*** Opening INFORMATION SUPPLIED ***

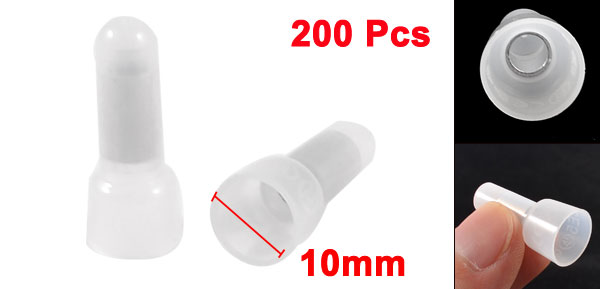 Product Name Closed End Wire Connector Model CE5 Tin-plated Tube Inner Dia 5mm/ 0.2" Tin-plated Tube Length 8mm/ 0.30" Inner Dia 10mm/ 0.39" Total Size (Each) 11 x 25mm/ 0.45" x 1" (D*L) Color White Material Nylon, Metal Weight 113g Package 200(+/-2%) x Closed End Wire Connector - Reviews
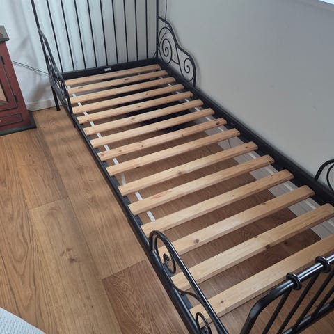 IKEA MINNEN seng med LURÖY lamelbund 80x200 cm metal sort
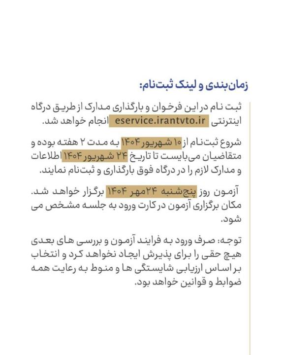 ثبت نام در این فراخوان و بارگذاری مدارک از طریق درگاه اینترنتی https:eservice.irantvto.ir انجام خواهد شد.
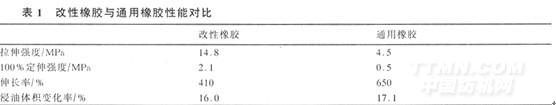 根據(jù)不處理膠輥耐磨性、耐油性的要求,對(duì)比原先普通膠輥所選用橡膠的特性,我們選用了中高丙烯腈含量的改性橡膠。由于此橡膠通過(guò)改性,提高了耐油性,并具有高強(qiáng)度。具體參數(shù)見表1。
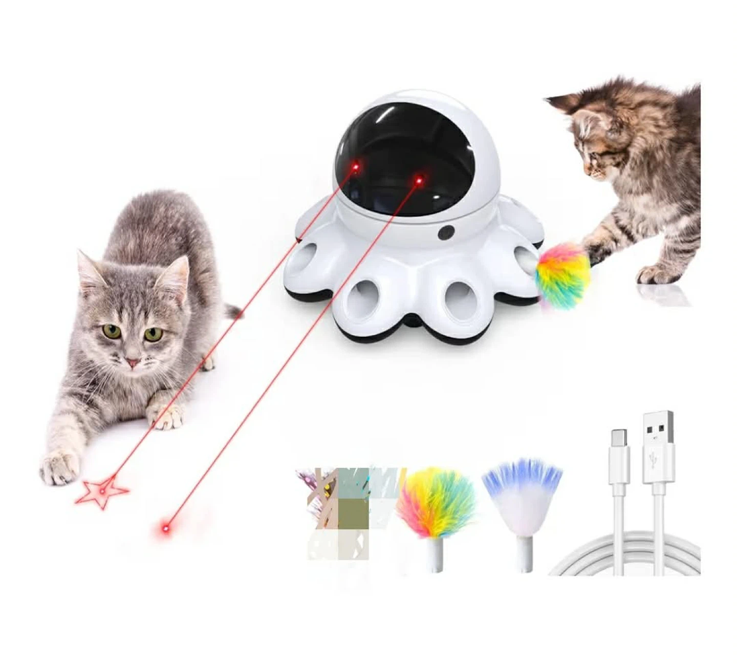 This ORSDA 2-in-1 cat toy features an automatic laser pointer and a whack-a-mole game. It's rechargeable with a 2-hour charge time offering 3-4 days of working time. Comes with USB charging cable and interchangeable feather/brush attachments for extra fun!
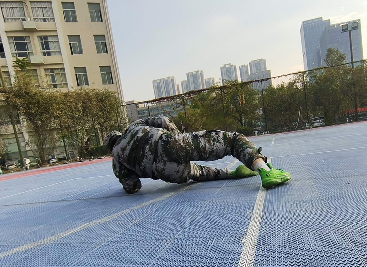 周围的“新兵”火速围坐成圈“观训”,眼里没有嘲笑,只有憋不住的笑意和满满的鼓励。有人用眼神疯狂打call,有人偷偷比出加油手势,这哪里是受罚,分明是一场超有爱的青春“匍匐接力”。迷彩服的绿、场地的蓝,再加上大家藏不住的笑脸,把这段“罚并快乐着”的时光,变成了军训里独一份的甜。
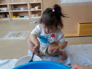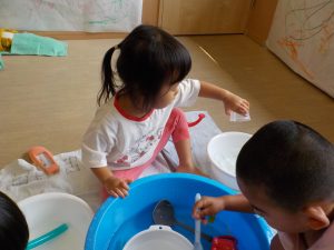 水そのものに触れる際も怖がることなく、興味を持って触れています。水をレンゲで掬う、上から流す、移し替える等してじっくりと水の観察を行う姿が印象的でした。
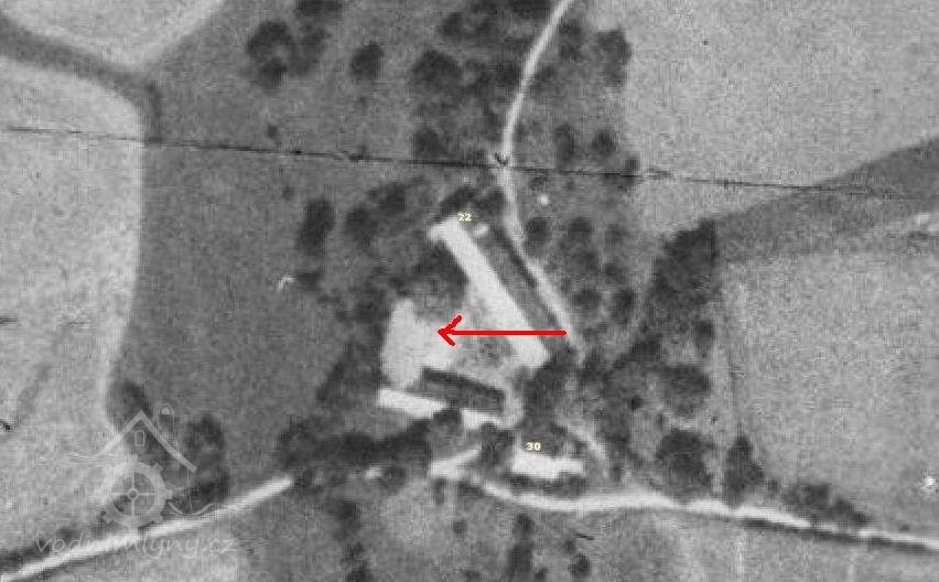 V r.1953 se zde žádné budovy již nenacházejí;mlýn zbourán ve 30.letech 20.stol., 1953, © kontaminace.cenia.cz
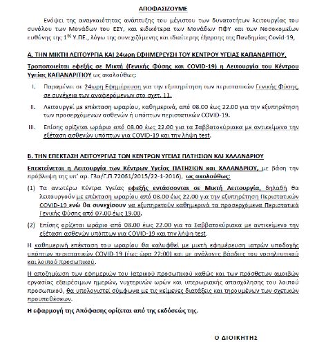 Συγκεκριμένα αποφασίστηκε η Μεικτή λειτουργία (Γενικής Φύσης και COVID-19) και 24ωρη εφημέρευση του Κέντρου Υγείας Καπανδριτίου.
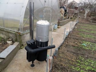 نادرًا ما يتم استخدام الطريقة الأولى ، نظرًا لأن معظم المرائب غير متصلة بشبكات الغاز.. غالبًا ما توجد أفران تعمل من الغاز المسال في أسطوانة.. وهي متصلة بالوحدة باستخدام خرطوم خاص. أثناء تشغيل الموقد ، يتم إخراج الغاز المعالج إلى الشارع عبر المدخنة. هذه الهياكل تعمل بدون كهرباء..
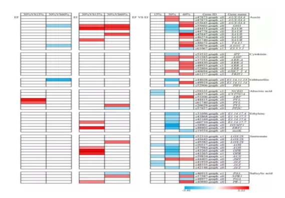 根據(jù)不同處理下的分析,我們共發(fā)現(xiàn)了 51 個與激素生物合成和反應途徑相關的 DEG。包括12個IAA相關基因、8個CTK相關基因、3個GA相關基因、7個ABA相關基因、7個ET相關基因、12個JA相關基因和4個SA相關基因。
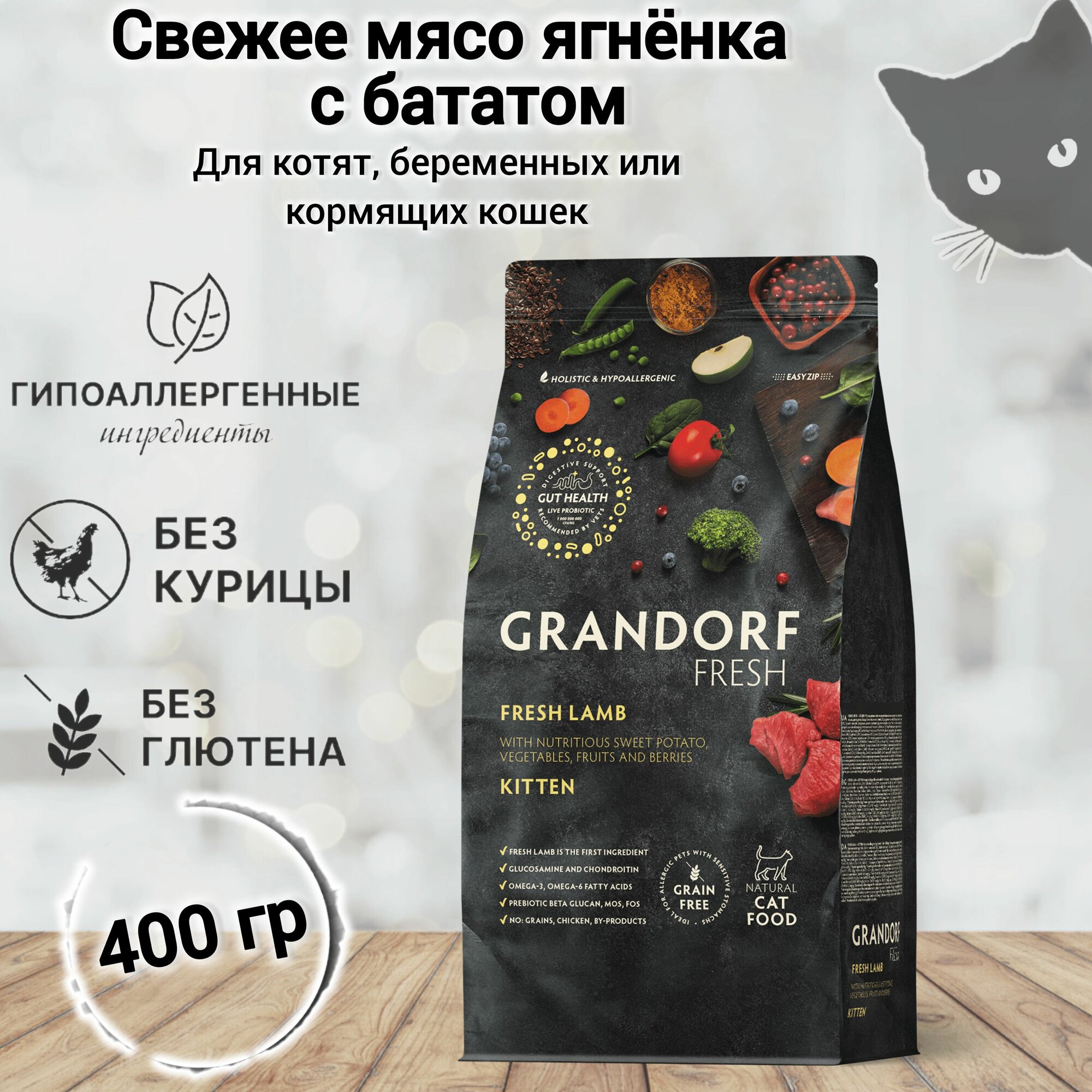 GRANDORF FRESH GF KITTEN LAMB & SWEET POTATO беззерновой для котят с ягненком и бататом, 0,4 кг информация:

*** Closing INFORMATION SUPPLIED ***

> **YOUR INSTRUCTIONS**
Every line above should be transcribed word for word; leave the pictures out.

> **EXERCISE SOLUTION**
 Product Name Closed End Wire Connector Model CE5 Tin-plated Tube Inner Dia 5mm/ 0.2" Tin-plated Tube Length 8mm/ 0.30" Inner Dia 10mm/ 0.39" Total Size (Each) 11 x 25mm/ 0.45" x 1" (D*L) Color White Material Nylon, Metal Weight 113g Package 200(+/-2%) x Closed End Wire Connector - Reviews
 IKEA MINNEN seng med LURÖY lamelbund 80x200 cm metal sort
 ثبت نام در این فراخوان و بارگذاری مدارک از طریق درگاه اینترنتی https:eservice.irantvto.ir انجام خواهد شد.
 根據(jù)不處理膠輥耐磨性、耐油性的要求,對(duì)比原先普通膠輥所選用橡膠的特性,我們選用了中高丙烯腈含量的改性橡膠。由于此橡膠通過(guò)改性,提高了耐油性,并具有高強(qiáng)度。具體參數(shù)見表1。
 This ORSDA 2-in-1 cat toy features an automatic laser pointer and a whack-a-mole game. It's rechargeable with a 2-hour charge time offering 3-4 days of working time. Comes with USB charging cable and interchangeable feather/brush attachments for extra fun!
 周围的“新兵”火速围坐成圈“观训”,眼里没有嘲笑,只有憋不住的笑意和满满的鼓励。有人用眼神疯狂打call,有人偷偷比出加油手势,这哪里是受罚,分明是一场超有爱的青春“匍匐接力”。迷彩服的绿、场地的蓝,再加上大家藏不住的笑脸,把这段“罚并快乐着”的时光,变成了军训里独一份的甜。
 水そのものに触れる際も怖がることなく、興味を持って触れています。水をレンゲで掬う、上から流す、移し替える等してじっくりと水の観察を行う姿が印象的でした。
 V r.1953 se zde žádné budovy již nenacházejí;mlýn zbourán ve 30.letech 20.stol., 1953, © kontaminace.cenia.cz
 Συγκεκριμένα αποφασίστηκε η Μεικτή λειτουργία (Γενικής Φύσης και COVID-19) και 24ωρη εφημέρευση του Κέντρου Υγείας Καπανδριτίου.
 نادرًا ما يتم استخدام الطريقة الأولى ، نظرًا لأن معظم المرائب غير متصلة بشبكات الغاز.. غالبًا ما توجد أفران تعمل من الغاز المسال في أسطوانة.. وهي متصلة بالوحدة باستخدام خرطوم خاص. أثناء تشغيل الموقد ، يتم إخراج الغاز المعالج إلى الشارع عبر المدخنة. هذه الهياكل تعمل بدون كهرباء..
 根據(jù)不同處理下的分析,我們共發(fā)現(xiàn)了 51 個與激素生物合成和反應途徑相關的 DEG。包括12個IAA相關基因、8個CTK相關基因、3個GA相關基因、7個ABA相關基因、7個ET相關基因、12個JA相關基因和4個SA相關基因。
 GRANDORF FRESH GF KITTEN LAMB & SWEET POTATO беззерновой для котят с ягненком и бататом, 0,4 кг информация:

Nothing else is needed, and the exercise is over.